Liuyu Zhai1, Takayuki Sakurai1, Akiko Kamiyoshi1, Yuka Ichikawa-Shindo1, Hisaka Kawate1, Megumu Tanaka1, Xian Xian1, Kazutaka Hirabayashi1, Kun Dai1, Nanqi Cui1, Keiya Tanimura1, Teng Liu1, Yangxuan Wei1, Masaaki Tanaka1, Haruka Tomiyama1, Akihiro Yamauchi2, Kyoko Igarashi2, Takayuki Shindo1.   

Abstract

BACKGROUND: Calcitonin gene-related peptide (CGRP) is a 37-amino acid peptide and produced by alternative splicing of the transcript of the calcitonin/CGRP gene. Originally identified as a strong vasodilatory and hypotensive peptide, CGRP is now known to be a pleiotropic molecule distributed in various organs, including the brain.

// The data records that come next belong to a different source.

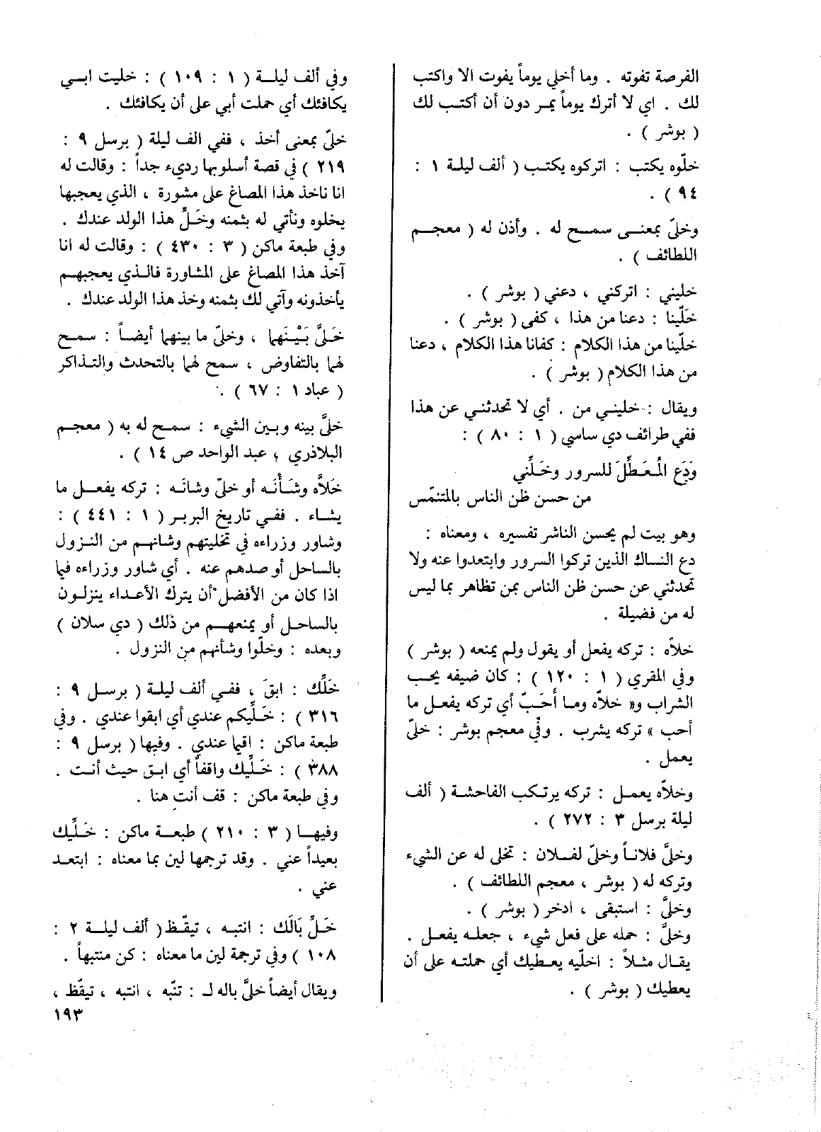 خلّى بمعنى أخذ، ففي ألف ليلة (برسل 9: 219) في قصة أسلوبها رديء جداً: قالت له أنا ماخذ هذا المصاغ على مشورة، الذي يعجبها يخلوه ونأتي له بثمنه وخَلِّ هذا الولد عندك. وفي طبعة ماكن (3: 430): وقالت له أنا آخذ هذا المصاغ على المشاورة فالذي يعجبهم يأخذونه وآتي لك بثمنه وخذ هذا الولد عندك.
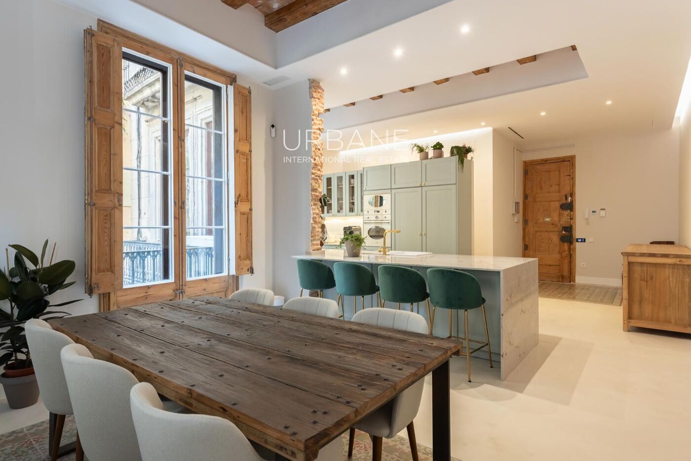 En entrar, et rep un espai càlid i acollidor ple de llum natural. L'apartament disposa de tres habitacions dobles, oferint una disposició flexible per a famílies o companys de pis. La recent i completa reforma ha aportat una sensació fresca i contemporània a l'espai, tot conservant elements arquitectònics clàssics que fan ressò de la rica història del Barri Gòtic.
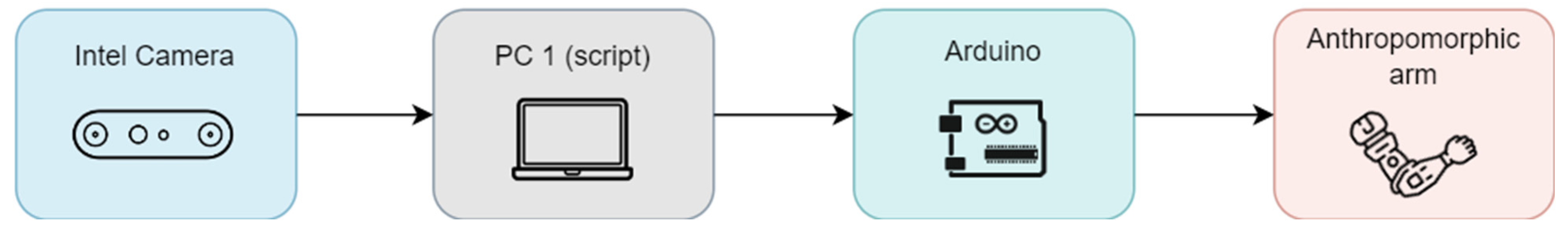 Figure 14, the system architecture consists of an Intel RealSense camera, a processing unit (PC1), the Arduino board, and the robotic arm itself.
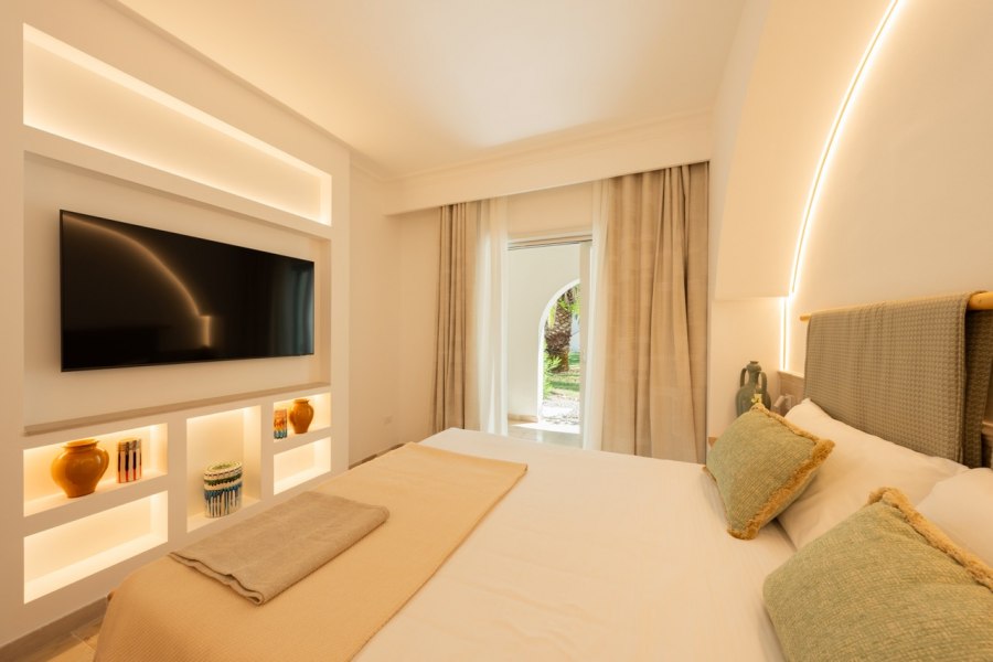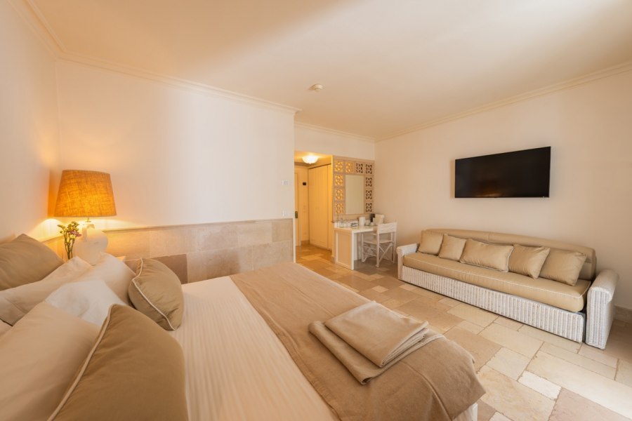 Premium Family: pensate per soddisfare le esigenze di tutta la famiglia, offrono ambienti luminosi e tutti i comfort necessari. Ogni camera dispone di un balcone o di un patio privato e di due spazi comunicanti, ciascuno con il proprio bagno e accesso indipendente, per garantire privacy e comodità. Alcune camere offrono anche vista sul giardino. Include parcheggio e servizio lettini in spiaggia (su disponibilità, dalla quinta fila in poi).

METHOD: In this study, we used CGRP knockout mice (CGRP-/-) to examine the actions of endogenous CGRP during cerebral ischemia. To induce acute and chronic cerebral ischemia, mice were subjected to middle cerebral artery occlusion (MCAO) and bilateral common carotid artery stenosis (BCAS).
RESULTS: In the cerebral cortex of wild-type mice, CGRP expression was upregulated after acute infarction. In CGRP-/- subjected to MCAO or BCAS, recovery of cerebral blood flow was slower and exhibited more extensive neuronal cell death. Expression of the inflammatory cytokines was higher in CGRP-/- than wild type in the acute phase of ischemia. Pathological analysis during the chronic phase revealed more extensive neuronal cell loss and demyelination and higher levels of oxidative stress in CGRP-/- than wild-type. CGRP-/- also showed less compensatory capillary growth. In an eight-arm radial maze test, CGRP-/- exhibited poorer reference memory than wild-type. On the other hand, CGRP administration promoted cerebral blood flow recovery after cerebral ischemia. We also found that CGRP directly inhibited the cell death of primary cortical neurons.
CONCLUSION: These results indicate endogenous CGRP is protective against ischemia-induced neuronal cell injury. CGRP could, thus, be a novel candidate for use in the treatment of both cerebral ischemia and progression of cognitive decline.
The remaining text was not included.